*WORK TO BE COMPLETED*. Repeat exactly the lines of the material below that run from the "No middle seats" line to the "陸浩川團(tuán)隊(du" line, including both, and do not carry over any pictures.

*SOURCE MATERIAL*.

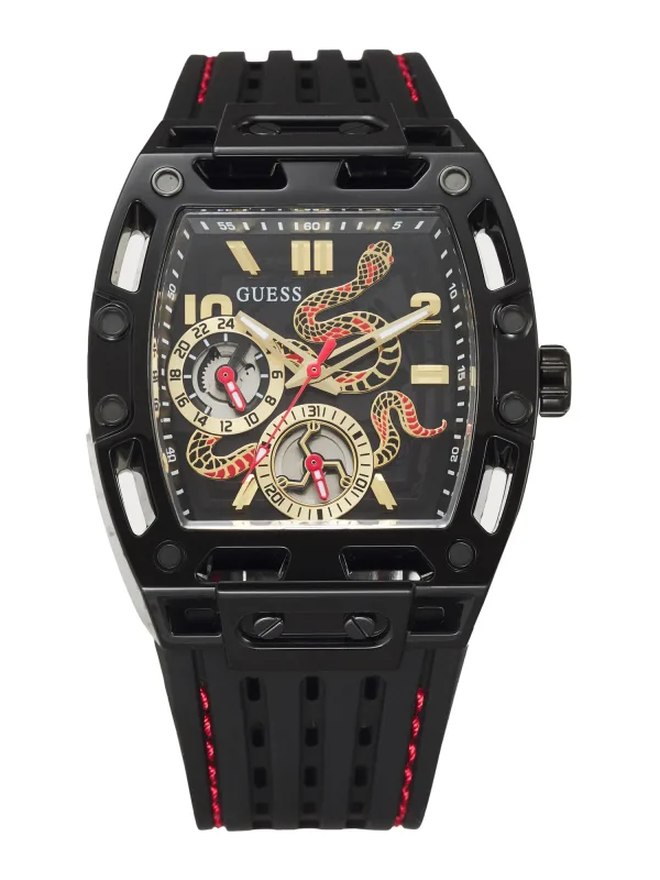 GUESS Analoog horloge ‘Phoenix’ goud / rood / zwart
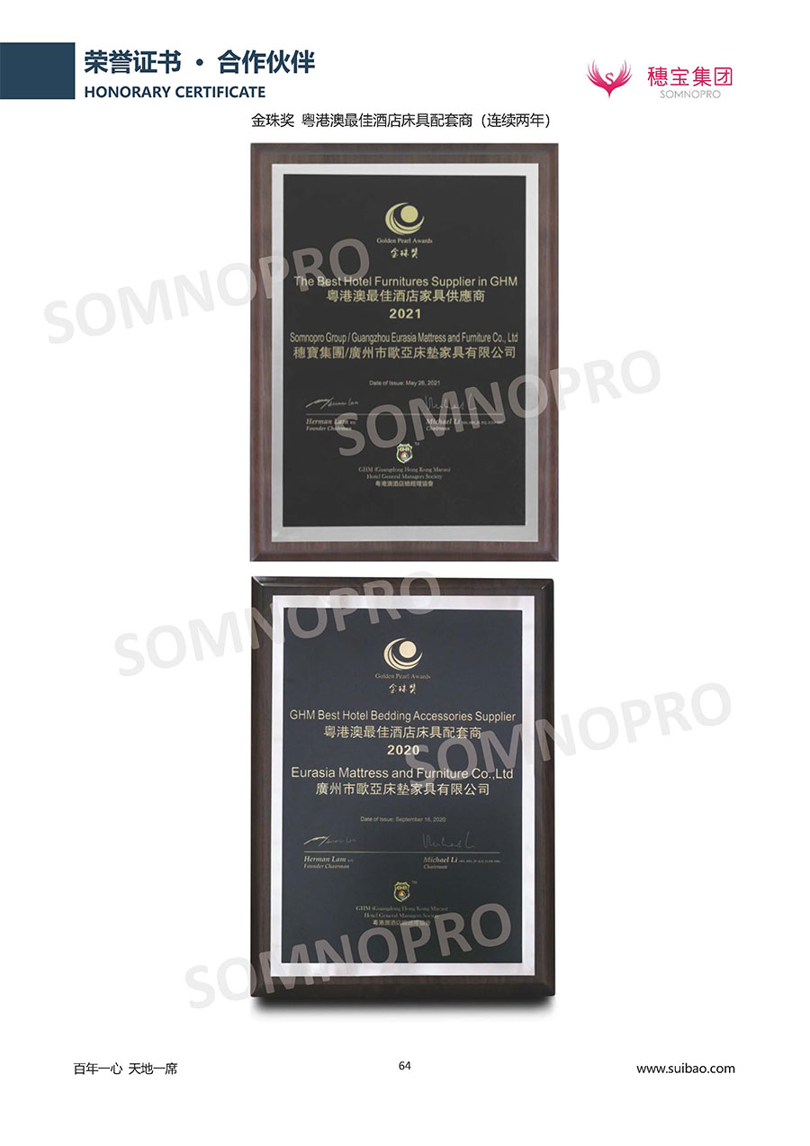 自1971年獨(dú)立研發(fā)生產(chǎn)出專屬國(guó)人的彈簧床墊,穗寶關(guān)于優(yōu)質(zhì)深度睡眠的研究已有半個(gè)世紀(jì)的歷史。穗寶一直專注床墊,專注中國(guó)消費(fèi)者的睡眠研究,針對(duì)中國(guó)人特點(diǎn)進(jìn)行優(yōu)化創(chuàng)新,不斷提升國(guó)人的睡眠體驗(yàn),只為成就每個(gè)晚上8小時(shí)的優(yōu)質(zhì)深度睡眠。憑借不斷革新的研發(fā)科技和深受消費(fèi)者信賴的產(chǎn)品品質(zhì),穗寶集團(tuán)旗下品牌和產(chǎn)品屢獲國(guó)內(nèi)外大獎(jiǎng),連續(xù)20年榮膺中國(guó)500最具價(jià)值品牌,品牌價(jià)值高達(dá)302.89億元。
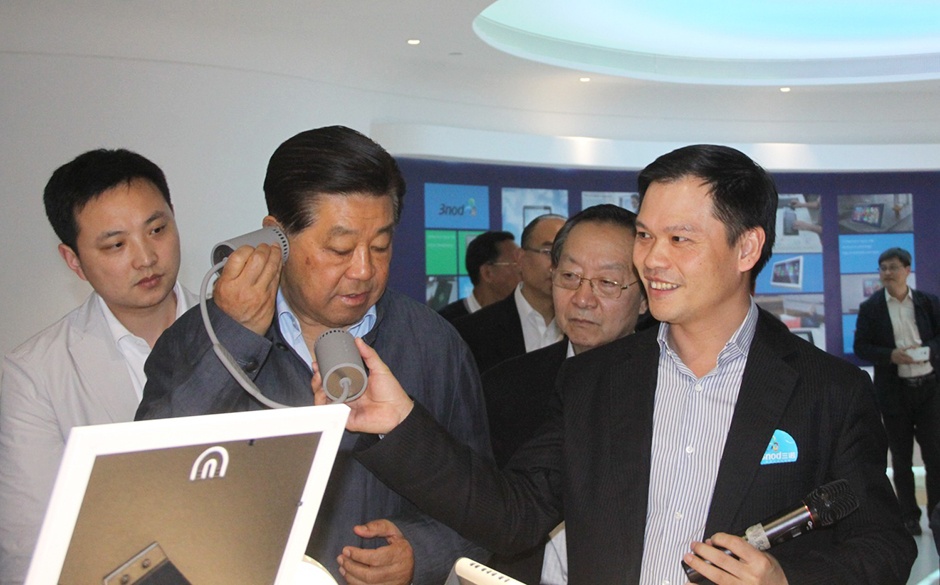 三诺集团董事长刘志雄首先向贾庆林等领导一行分享了三诺的成长历程以及创新驱动发展的感悟。刘志雄说,从只身独闯深圳,到如今产值百亿的产业集团,创新是促进三诺快速发展的重要原因。多年来,三诺始终坚持设计创新和技术创新作为公司发展的驱动力,并在全球首创OPM商业模式,为全球百多家品牌客户提供策划、设计、智造、市场一站式差异化、定制化整体解决方案,品牌位列亚洲品牌500强,三诺工业设计中心位列全球设计机构第13位。
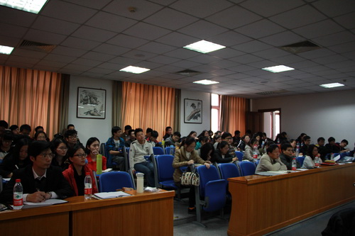 此次学术论坛分上下两场。上半场主旨发言人有: 王继平教授《追溯型忠诚折扣意味着更低价格吗?》,吕明元教授《产业结构生态化演进研究》,周桂荣教授《 WTO-SPS 特别贸易关注对我国食品安全标准体系构建的影响》,王炳才教授《服务业创新与制造业创新比较研究》,李海伟博士《异质性与“金砖国家”的混合型直接投资问题研究》。 五位老师清晰明了、深入浅出的报告,让在场师生很快融入学术交流的氛围中。其中吕明元老师的报告内容,已在《世界经济研究》、《产经评论》等经济学期刊发表。
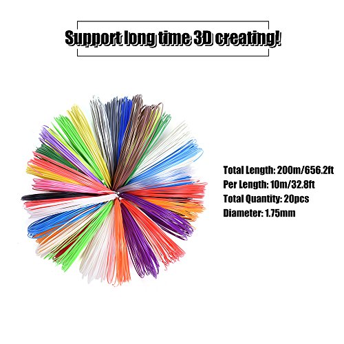 KKmoon 200m/656.2ft 3D Printing Pen ABS Filament Refill 1.75mm Children Christmas Gift (20 Assorted Colors Sent at Random)
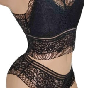 Комплект: топ-майка з легкого, ніжного мережива та ажурні труси-сліпи – нове кохання на кожен день. М’яке мереживо, невагома тканина, актуальні забарвлення роблять новинку неймовірно красивою та жіночною, а м’які чашки без кісточок не здавлюють і бездоганно підтримують груди, даруючи максимальний комфорт, свободу та впевненість у рухах. У топі є поролоновий вкладиш, який легко виймається. На бретельках присутні регулятори, що дозволяє коригувати довжину топа в залежності від зростання. Ластівиця трусиків виконана з бавовни.
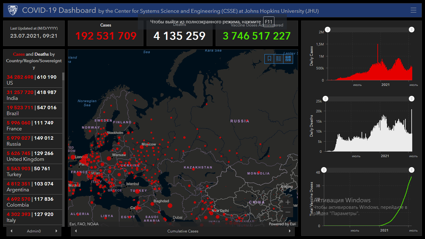 Всего в мире коронавирусом заразились 192 миллиона 531 тысяча 709 человек. Больше всего зараженных в США (34 миллиона 282 тысячи 698), Индии (31 миллион 257 тысяч 720), Бразилии (19 миллионов 523 тысячи 711), Франции (5 миллионов 996 тысяч 60), России (5 миллионов 979 тысяч 27), Великобритании (5 миллионов 626 тысяч 745), Турции (5 миллионов 563 тысячи 903), Аргентине (4 миллиона 812 тысяч 351), Колумбии (4 миллиона 692 тысячи 570), Италии (4 миллиона 302 тысячи 393), Испании (4 миллиона 249 тысяч 258) и Германии (3 миллиона 758 тысяч 425).
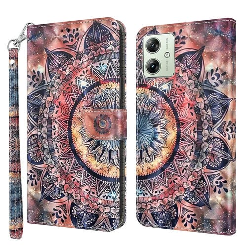 - 1x Funda de Cuero para Motorola Moto G54 Pintada en 3D Mandala Colorida
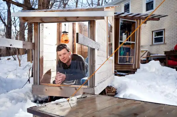Снимать квартиру в Москве - удовольствие не из дешевых. Иногда весь месяц на квартирные расходы только и приходится работать. Но есть выход из этой ситуации - 600 долларов, и вопрос с жильем решен раз и навсегда. Американец Дерек Диедрискен из города Стоутон, штат Массачусетс, построил три небольших домика, каждый из которых по материалам обошелся ему в 200 долларов. Жилье он делит с женой, двумя детьми и очень большой собакой.
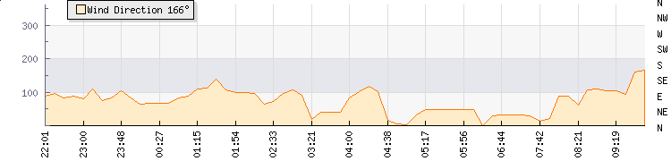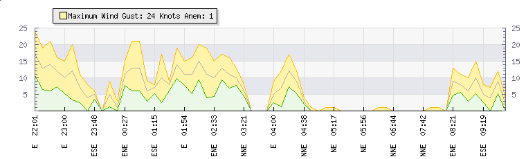In the last few minutes the wind was East South East at an average speed of 5 knots, reaching up to 7 knots and a low of 2 knots. The gust strength is5 knots above the minimum speed |
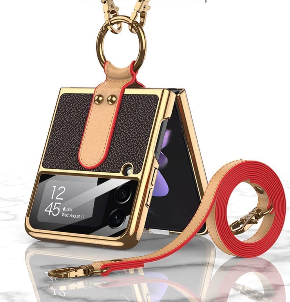 ストラップ付き Galaxy Z Flip4 5G ケース リング付き Samsung ギャラクシー Z Flip 4 用 カバー 純正 折りたたみ レンズ保護 ワイヤレス充電 耐衝撃ケース 軽量 薄型 人気 おしゃれ かわいい 男女兼用 (Galaxy Z Flip4 パープル(ストラップ付き))
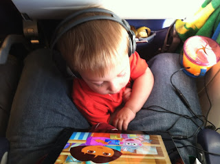 No middle seats were open on the way back, the flight attendants weren't nice, and Max was wiggly. He said he'd never do it again. Sorry, Peter - thanks for doing it though!!!
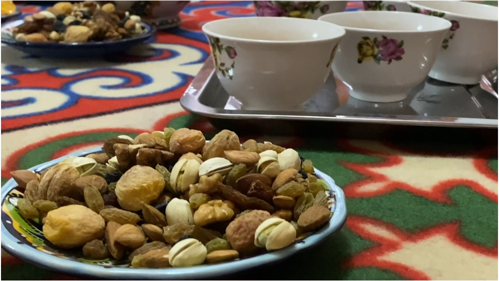 Tea with dried fruits and nuts served at a famous traditional tea house in Kashgar’s ancient quarter. (People’s Daily Online/Annemarie Li)
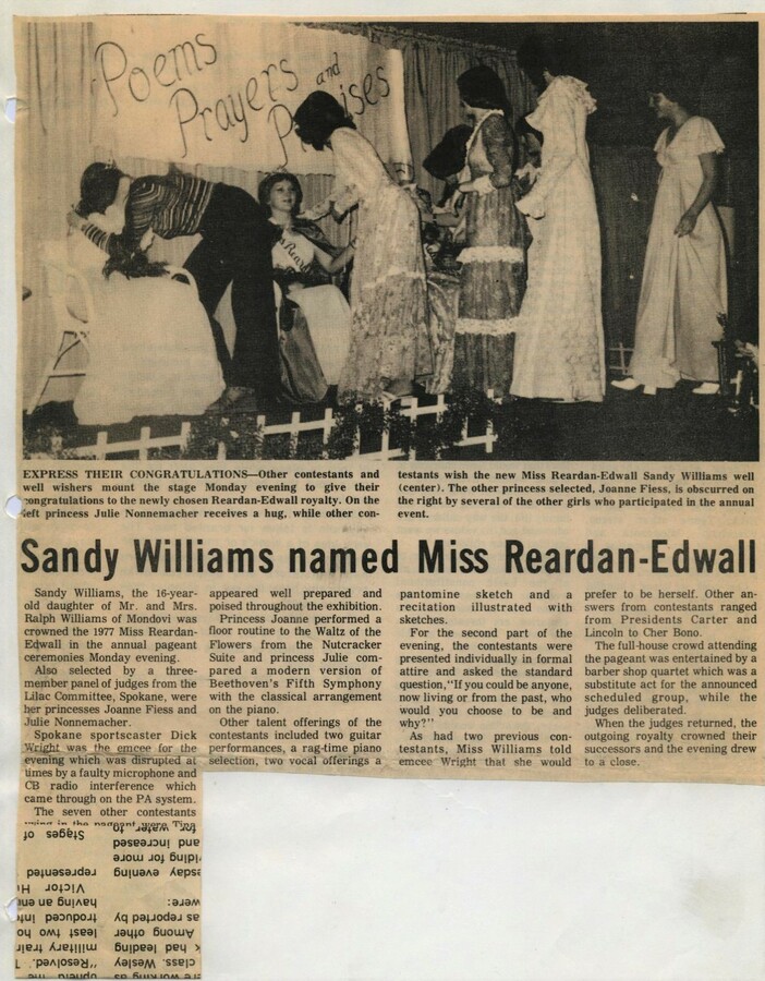 This page is from a scrapbook held by the Reardan Memorial Library about the Reardan Royalty. 1977 royalty 016
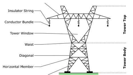 Each transmission line consists of several integral parts that ensure mechanical stability and safe current flow.
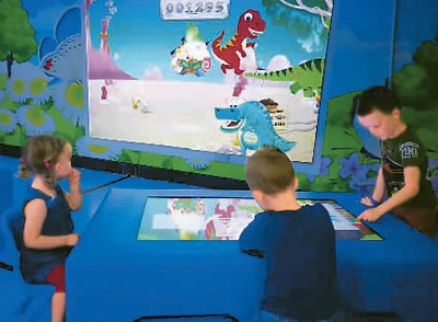 陸浩川團(tuán)隊(duì)的人機(jī)交互產(chǎn)品如今已銷往全球20多個(gè)國家。圖為兒童正在交互屏幕前玩得不亦樂乎。(受訪者供圖)
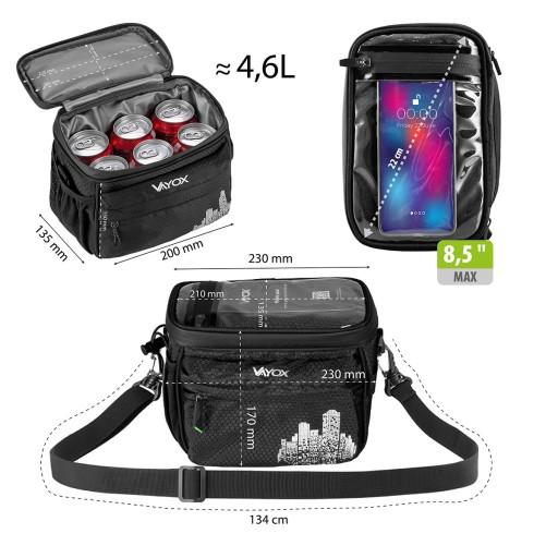 ✔️Funkcjonalność i styl torba posiada wiele praktycznych rozwiązań: duża komorę chłodniczą o pojemności do 4,6l, przezroczyste etui na telefon do 8,5cala, pokrowiec przeciwdeszczowy, wygodne przegródki zewnętrzne, pasek na ramię, uchwyt na bidon.
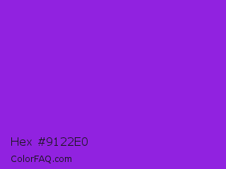 Hex #9122e0 Color is a normal purple color and the nearest color is Blue Violet #8a2be2. Hex code #9122e0 and RGB value is rgb(145,34,224). In RGB color space, this color is composed of 57% red, 13% green, 88% blue, In CMYK color space, this color is composed of 35% cyan, 85% magenta, 0% yellow , 12% black , In HSL color space, this color has a hue angle of 275° , 75% saturation and 51% lightness.
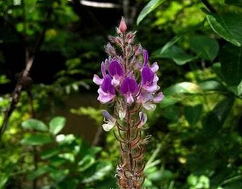 【原形态】长穗猫尾草 直立亚灌木,高l-1.5m。茎多分枝,被短柔毛。奇数羽状复叶,互生;有长柄;小叶3-7片,对生,叶片卵状披针形或椭圆形,长10-15cm,宽5-7cm,先端短尖,基部圆形或稍心形,全缘,上面无毛,背面被柔毛;托叶小。总状花序顶生,成穗状,长达30cm以上,先端弯曲,形似“狗尾”,花极稠密;萼管极短;花冠蝶形,紫色,旗瓣阔,翼瓣和龙骨瓣粘贴;雄蕊二体,于房上位。荚果2-4节,扭曲重叠,略被短毛。种子黑褐色,有光泽。花期5-7月,果期7-9月。
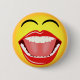 © Sunny Mars Designs Face Pin-Back Buttons – This cool, humorous, fun, novelty round button, badge or pin features a funny illustration of a yellow laughing face emoticon with an open big mouth, bright white pearly teeth, tongue and closed eyes. Concept for humor.
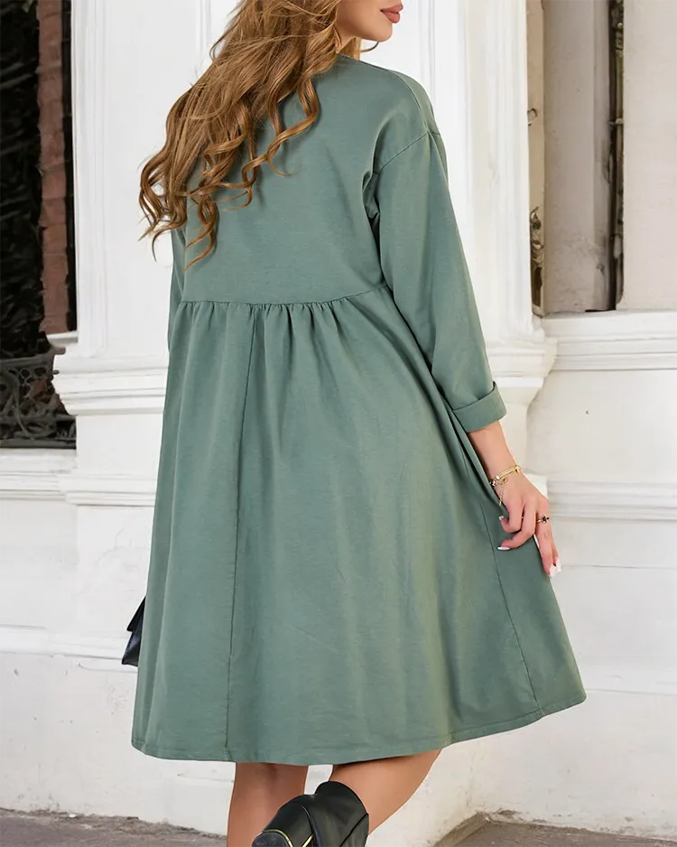 - Lässiges, knielanges Damenkleid mit langen Ärmeln und Rundhalsausschnitt. Modell mit dekorativer Bedruckung. Must have dieser Saison! HINWEIS: Messgenauigkeit (+/-) 1 cm. Abmessungen flach gemessen.
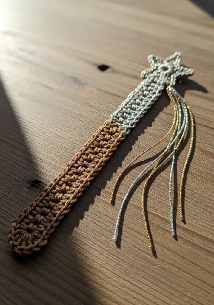 This crochet bookmark features a long, neatly stitched body in soft neutral yarn with a contrasting top detail and flowing tassel strands. The slim rectangular shape keeps it elegant, while the dangling fringe adds movement and texture. The stitches are even and structured, giving it a clean handmade finish that feels both practical and decorative.
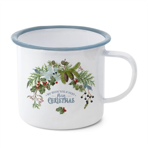 Bögre bádog "Merry Christmas" felirattal, girlanddal 11x11x10 cm
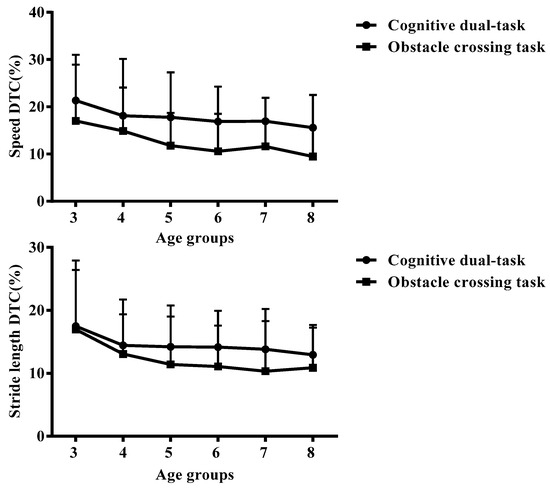 The task cost is the main effect of task and age; there was no interaction effect. Table 5 shows multiple comparison results. Figure 4 shows the age trend of dual-task costs, with children’s speed and stride DTC decreasing with age. The cognitive task costs of running speed and stride length were both higher than obstacle crossing tasks (p < 0.05). In obstacle crossing tasks, the speed cost of the 8-year-old group was lower than the 3-year-old group (p < 0.05), whereas the stride length cost of the 7-year-old group was lower than the 3-year-old group (p < 0.05).
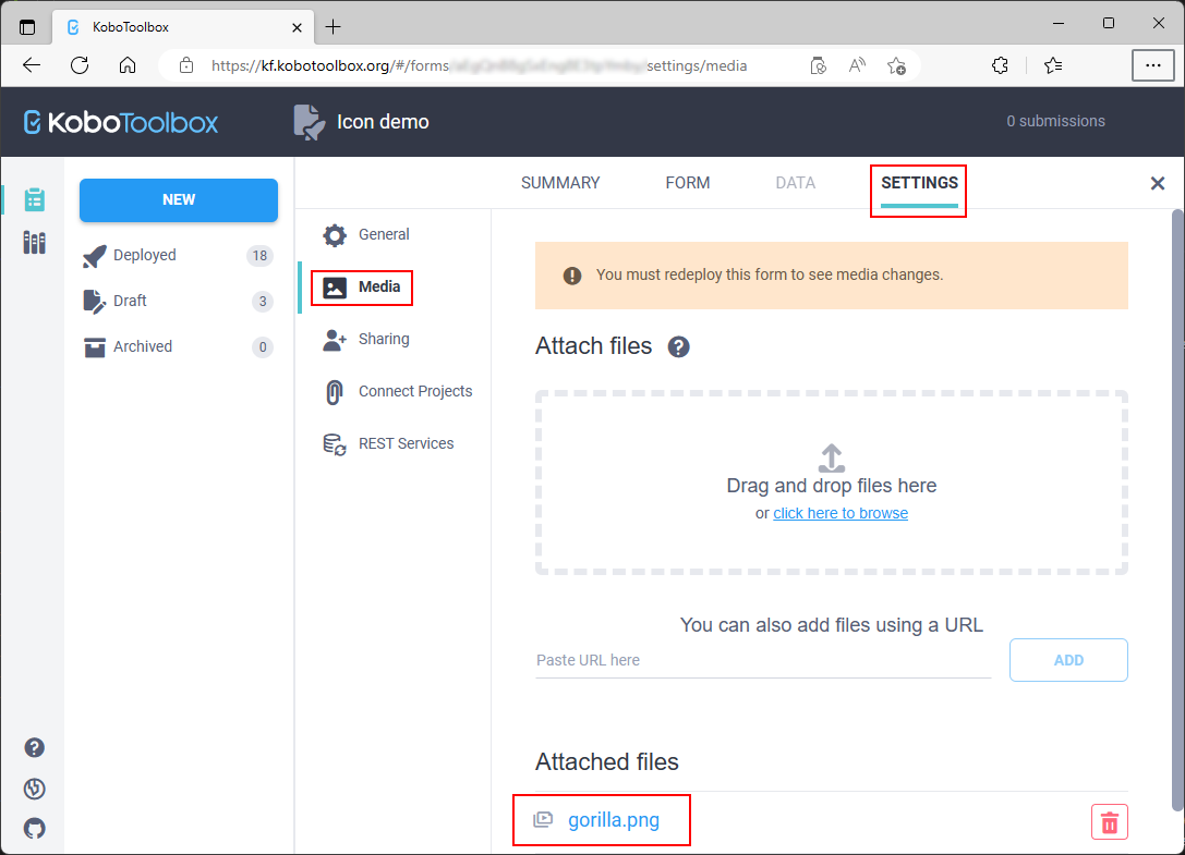 The icon image should be added to the form as an attached media file. In KoBoToolbox, this is done under the form settings option:

*OUTPUT OF THE EXERCISE*.
 No middle seats were open on the way back, the flight attendants weren't nice, and Max was wiggly. He said he'd never do it again. Sorry, Peter - thanks for doing it though!!!
 Tea with dried fruits and nuts served at a famous traditional tea house in Kashgar’s ancient quarter. (People’s Daily Online/Annemarie Li)
 This page is from a scrapbook held by the Reardan Memorial Library about the Reardan Royalty. 1977 royalty 016
 Each transmission line consists of several integral parts that ensure mechanical stability and safe current flow.
 陸浩川團(tuán)隊(duì)的人機(jī)交互產(chǎn)品如今已銷往全球20多個(gè)國家。圖為兒童正在交互屏幕前玩得不亦樂乎。(受訪者供圖)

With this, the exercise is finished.